CALEB PLANT I JERMALL CHARLO RWĄ SIĘ DO POJEDYNKU Z CANELO

Redakcja, Social Media

2021-05-09

Po wczorajszym zwycięstwie Saula Alvareza (56-1-2, 38 KO) nad Billym Joe Saundersem (30-1, 14 KO) w walce unifikacyjnej wagi super średniej na gali w teksańskim Arlington, do pojedynku z uważanym za najlepszego pięściarza na świecie Meksykaninem rwą się dwaj kolejni niepokonani mistrzowie: czempion IBF wagi super średniej Caleb Plant (21-0, 12 KO) i czempion WBC wagi średniej Jermall Charlo (31-0, 22 KO).

CANELO: SPODZIEWAŁEM SIĘ TRUDNIEJSZEJ WALKI Z SAUNDERSEM >>>

- Nie można złamać szczęki chłopaka, który wyrósł z biedy.

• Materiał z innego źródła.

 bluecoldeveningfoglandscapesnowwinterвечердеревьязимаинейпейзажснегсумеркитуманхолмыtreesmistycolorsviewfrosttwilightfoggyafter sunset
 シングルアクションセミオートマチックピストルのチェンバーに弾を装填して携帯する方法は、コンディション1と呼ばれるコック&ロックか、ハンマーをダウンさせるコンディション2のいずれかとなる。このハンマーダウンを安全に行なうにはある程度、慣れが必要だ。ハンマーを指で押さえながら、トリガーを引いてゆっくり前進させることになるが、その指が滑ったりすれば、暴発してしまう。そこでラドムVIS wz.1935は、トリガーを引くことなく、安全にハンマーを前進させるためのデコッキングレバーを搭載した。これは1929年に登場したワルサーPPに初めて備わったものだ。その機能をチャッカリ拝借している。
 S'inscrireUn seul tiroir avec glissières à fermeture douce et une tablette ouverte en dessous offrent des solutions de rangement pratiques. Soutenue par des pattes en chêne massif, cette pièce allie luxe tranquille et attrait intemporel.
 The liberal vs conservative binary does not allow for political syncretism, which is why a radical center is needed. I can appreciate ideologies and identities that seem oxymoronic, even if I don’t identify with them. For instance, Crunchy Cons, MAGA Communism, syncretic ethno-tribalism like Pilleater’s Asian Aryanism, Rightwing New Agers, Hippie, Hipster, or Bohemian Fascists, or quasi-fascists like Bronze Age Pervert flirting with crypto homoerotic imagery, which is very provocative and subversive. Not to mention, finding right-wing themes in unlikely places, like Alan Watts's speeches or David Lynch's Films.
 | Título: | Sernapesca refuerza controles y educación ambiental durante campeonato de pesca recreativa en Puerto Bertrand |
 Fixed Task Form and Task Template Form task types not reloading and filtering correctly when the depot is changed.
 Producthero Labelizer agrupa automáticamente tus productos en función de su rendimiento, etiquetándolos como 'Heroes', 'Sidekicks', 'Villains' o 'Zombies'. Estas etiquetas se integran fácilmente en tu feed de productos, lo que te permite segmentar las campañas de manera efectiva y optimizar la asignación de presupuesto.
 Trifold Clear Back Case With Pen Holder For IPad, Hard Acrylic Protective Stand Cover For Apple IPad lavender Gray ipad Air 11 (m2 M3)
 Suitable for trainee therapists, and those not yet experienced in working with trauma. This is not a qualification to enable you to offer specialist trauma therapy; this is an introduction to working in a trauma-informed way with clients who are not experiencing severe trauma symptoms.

To mój kod wojownika. Są rzeczy i sprawy, których się boję, ale przysięgam na swoją duszę, że nie boję się żadnego człowieka - tako rzekł Caleb Plant, odpowiadając na słowa Canelo po walce: Meksykanin, czempion WBA, WBC i WBO stwierdził, że celuje we wrześniową walkę z Plantem o wszystkie pasy.

- Pieprzyć pieniądze, pieprzyć sławę, pieprzyć stacje telewizyjne. Stracę mój tytuł i przejdę do wagi super średniej, żeby od razu doprowadzić do walki z Canelo! Boks potrzebuje tego pojedynku! - oto słowa Jermalla Charlo. Jedno jest niemal pewne: Alvarezowi wyzwań nie zabraknie i zobaczymy go jeszcze w wielu wielkich pojedynkach. Canelo wpisuje się na naszych oczach w poczet królów boksu.